The credit card companies float hundreds of credit cards with varied options and utility every year, but few are accepted and retained as the best credit card along with the existing trusted credit cards. In the past couple of years when most of the credit card companies stopped their incentive and reward point schemes, only Visa signature credit card maintained its 2 % discount on all purchase to its members. Members of Costco got dollarsignr1 cash back on every dollarsignr100 spending on American Express credit cards. The members enjoyed 3% reward on annual gas consumption and in restaurant expenses, 2% on travel and 1% on sundry purchases.
There are a few good credit cards available for small business but it will depend on the specific nature of the business. When you are in small business it is better to have one of the best business credit cards so that it can be used for business purposes only and your personal credit card is retained for personal expenses. Thus your flow of cash and maintenance of accounts remains clean, and that will help you in your credit rating.
The best credit card deals contain cash back, bonus, redeemable reward points, airlines discounts etc. Below let us analyze some of the best credit cards and their features.
1. Capital One Venture Rewards Credit Card: This credit card supports airline miles. It offers two miles on every one dollar purchase daily, bonus miles is ten thousand for every dollarsignr1000 spent in three months, no foreign transaction charges and the initial subscription is free.
2. Citi Platinum Select MasterCard: This credit card provides 0% Intro annual percentage rate or APR for balance transfer and purchase for 18 and 12 months respectively. Beyond that the APR will be charged at standard rates. The APR will chiefly depend on your credit scoring and creditworthiness. This credit card provides discounts on travel, purchases and gifts along with identity theft results. The main attraction is it does not have any annual fee or subscription charges.
3. BankAmericCard Cash Rewards Visa signature Card: In this card the consumer gets a dollarsignr50 statement credit within two months of starting the account upon dollarsignr100 retail purchase, 3% cash back for a period of six months on purchases at gas stations, drug stores and grocery shops. 25% bonus on dollarsignr300 or more cash reward redemption and many more.

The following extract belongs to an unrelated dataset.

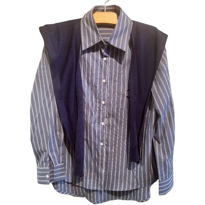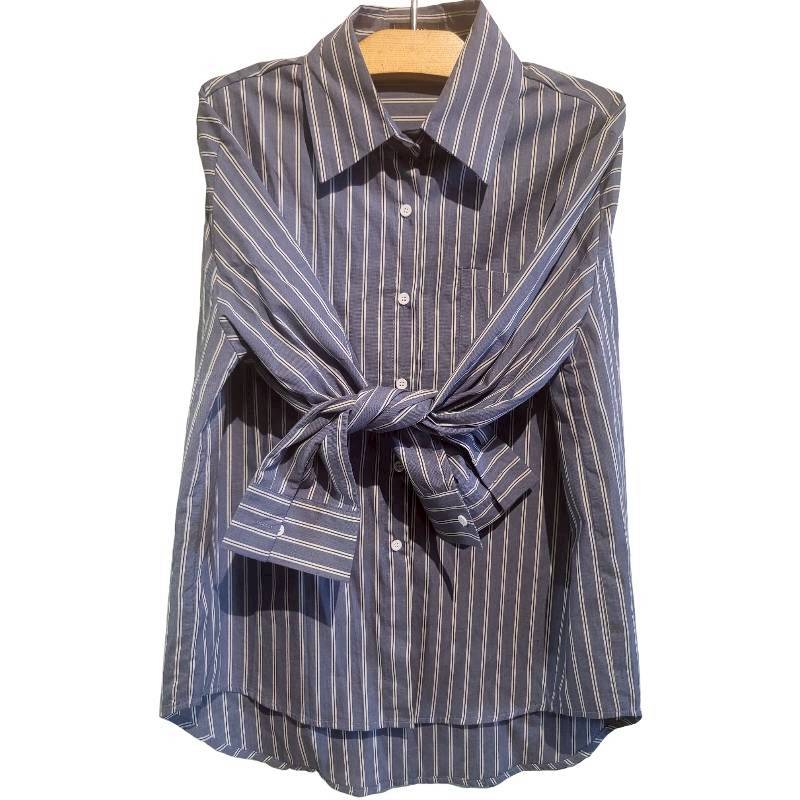 二手奢侈品Chanel香奈兒藍白條紋襯衫 (9.9新, 肩48胸56長80)-編號S127

4. Discover Card: In this card the annual percentage rate is 0% for 18 months and thereafter standard APR, 5% cash back bonus on restaurant expenses and purchases during holiday season, and no annual fee is levied.
There are many such cards with great offers but it is the decision of the consumer which credit card offer suits him/her and that is supposed to be the best credit card.
The present financial policy prevents human opinion in deciding the creditworthiness of a person. The credit score is derived by the statistics of transactions and the assets and financial liabilities of the individual. The average credit score of a person is derived from FICO’s statistical calculation and the score derived thereby affects millions of people who are in need of a loan.
The 2012 report of FICO has concluded the average credit score in America. The finding of FICO is largely approved in The US and is considered as the benchmark for deciding a person’s creditworthiness. Every year the country revises its financial policy and the interest rates that affect many people. It is primarily based on the country’s economic condition and its future implications. The economy of any country is dependent on the purchasing ability of consumers, which settles the growth and decline. In 2012 the unemployment in USA has adversely reflected in the average credit score.
The credit score as we know it is calculated by three different bureaus; Experian, Equifax and TransUnion by using statistical records. Each individual has three different score reports and all of them may not be similar to each other. This is because their source of collecting information varies, thus resulting in conflicting reports. The repayment schedules and duration of credit are some of the main factors that are taken into account. These bureaus have millions of credit reports of individuals, companies and other financial organizations and thus they are able to derive the almost accurate average credit score. From these, the average credit report of a state or region is available in their websites.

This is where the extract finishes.